The conditions were pretty snotty for the Women’s and Coed Dinghies, with the San Francisco site serving up its typical summer brew of big winds and current, and during the ebb tide, chunky waves too (see photos). To be successful, the combined points total by the A and B Division teams in each event would be vital, with each division sailing 14 races in the Women’s and 18 races in the Coed’s. Scuttlebutt checked in with Yale coach Zack Leonard following the event to get some insight:
What other venues compare with the Women’s and Coed courses?
Racing off the breakwater from St Francis Yacht Club was not too different from our home site at Yale and others like Kings Point, Charleston, and possibly Navy or Brown on the right day.
How much background did you do to understand the big currents?
I've sailed there before in I-14s, so I've seen what it can be like, plus we sail in Charleston a bunch where current is strong, so we didn't do too much scouting. The courses in college are so short that macro knowledge can sometimes mess you up. The factors affecting our course were so obvious that it really came down to execution.
What strengths did the course and conditions play to?
This was an event that was dominated by the bigger skippers, so for the smaller skippers like Coed B Division skipper Joe Morris, they had to sail really smart to keep up. The College Flying Junior in waves and breeze doesn't like the combination of small skipper-bigger crew as much as big skipper-smaller crew. That said, their speed was fine until it got really windy at the end, when they weren't quite big enough. We had a tremendously talented crew in B division who worked so hard, but they got a little out of their wind range at the end. St. Mary's really had a good combo for that wind in B division so you have to give them credit too.
Both events were close up to the end, with the Women’s finishing with two A division races and the Coed’s closing with two B division races. Can you describe how you and your team handled these final races?
In the women's event we were enough points down that we needed to have a great race and count on a mistake from the other teams, which lucky for us happened so that one didn't require a lot of thinking. Then after we gained the small lead going into the last race, there were three teams very close so we just needed for Jane Macky to sail the best race possible and try to win, which she did (Note: Senior Jane Macky was honored as the Quantum Women's Sailor of the Year). For the Co-ed event, we needed to start so that we would be ahead the first time the two teams crossed. This didn't happen for a bunch of reasons, but really speed was the largest reason as it had gotten a bit too windy for Joe (Morris) and Mike (Hession).
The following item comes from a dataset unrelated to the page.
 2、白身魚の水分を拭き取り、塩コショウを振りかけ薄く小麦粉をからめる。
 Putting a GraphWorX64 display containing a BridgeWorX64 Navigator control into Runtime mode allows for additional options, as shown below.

Yale is a tough school to get into. How does that affect your recruiting?
The pool of sailors that are academically strong enough to get into Yale is small, but in a sport like sailing, there are a fair number of strong students which makes it easier than it might be in some other sports. The flip side is that Yale has so much to offer that once someone comes to visit the University and sees the tremendous opportunities that it can provide, they are usually really excited about it.
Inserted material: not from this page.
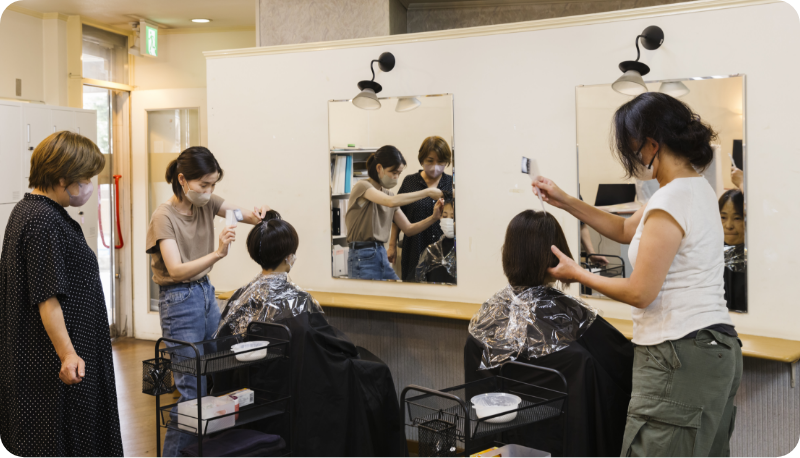 - ・ 座学では、髪や薬剤の知識、店舗での働き方・接客、ビジネスマナー、社内制度を学びます。
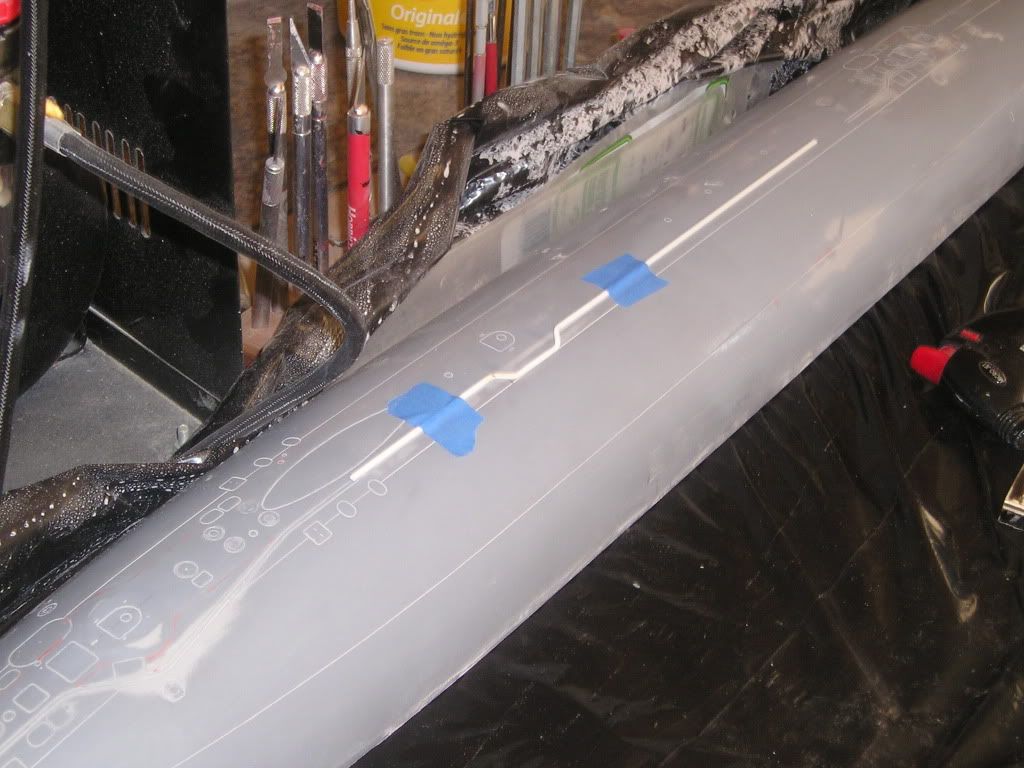 My mould was waxed and had a nice coat of PVA applied with my touch up gun. I tried experimenting here because I intend this first hull to go to my sister who is in turn painting the box art for my kit packaging. She doesn’t have spray equipment or any of that kind of stuff, so I began her hull by spraying my Ful-Fill easy sand primer into the mould first before lamination. All she will have to do to paint is give the hull a very light wet sanding with 1000 grit. This ended up being really cool because it really made all of the details stand out strikingly and gave me a good chance to inspect my final work.

How does the team look for next season?
With skippers Jane Macky (A Division) and Kate Hagemann (B Division) graduated, we will have some new faces on the Women's team. We are lucky to still have Sarah Lihan coming back and we have some strong girls coming up so I think we will be competitive again. On the Coed side we will have the same skippers (Thomas Barrows and Joe Morrie) back next year but we will no longer have two of our best crews, Grace Becton and Adriane Levin, who will have graduated.